Data shown →
<<<<

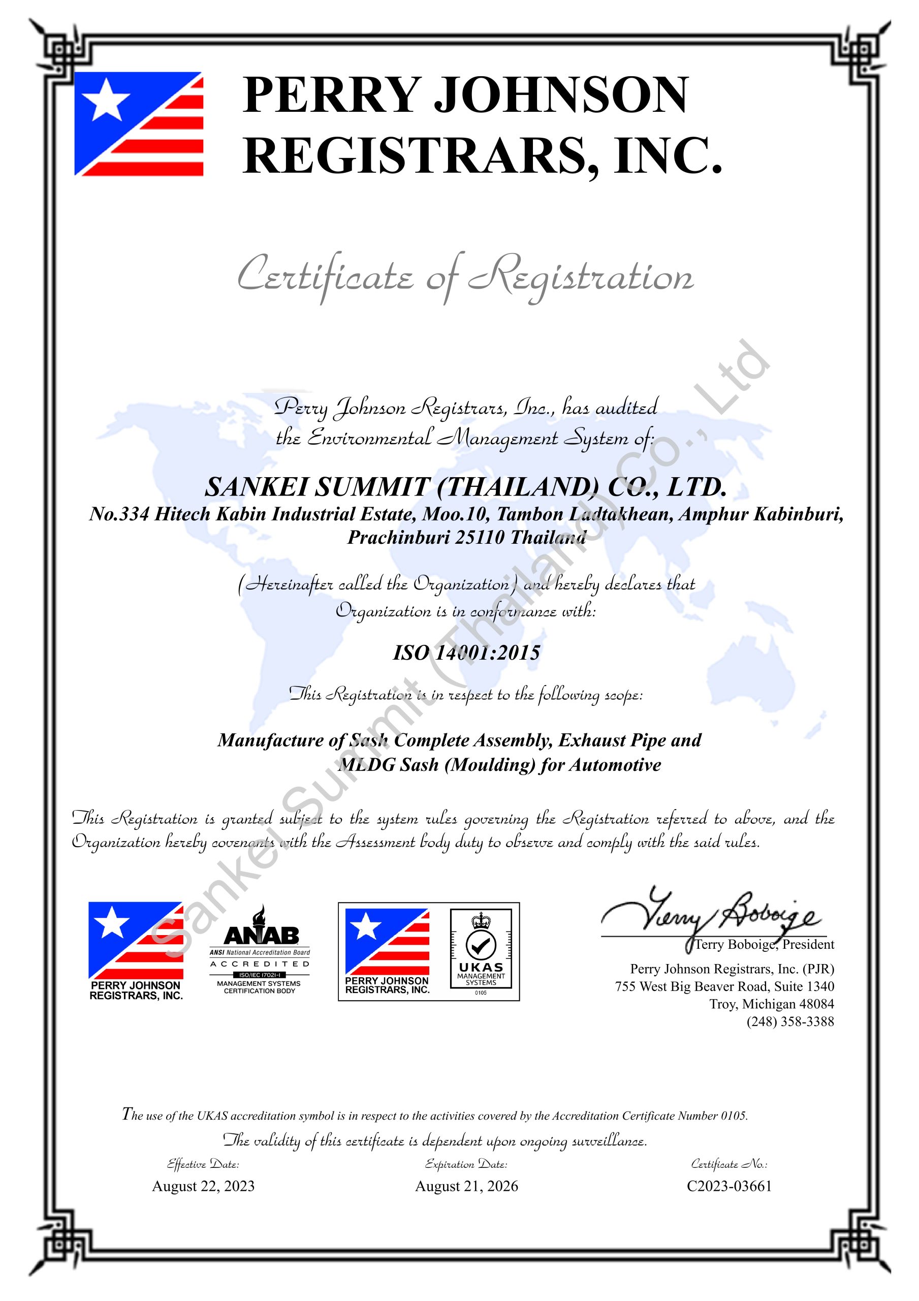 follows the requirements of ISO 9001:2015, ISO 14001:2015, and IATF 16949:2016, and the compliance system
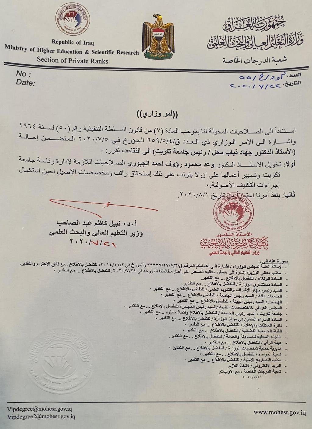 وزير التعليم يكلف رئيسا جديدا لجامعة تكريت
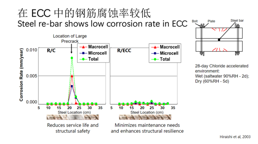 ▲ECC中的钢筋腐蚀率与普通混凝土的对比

>>>>

How to complete this task →
Each line above is to be repeated exactly as written; no picture is carried over.

Output of the task →
 follows the requirements of ISO 9001:2015, ISO 14001:2015, and IATF 16949:2016, and the compliance system
 وزير التعليم يكلف رئيسا جديدا لجامعة تكريت
 ▲ECC中的钢筋腐蚀率与普通混凝土的对比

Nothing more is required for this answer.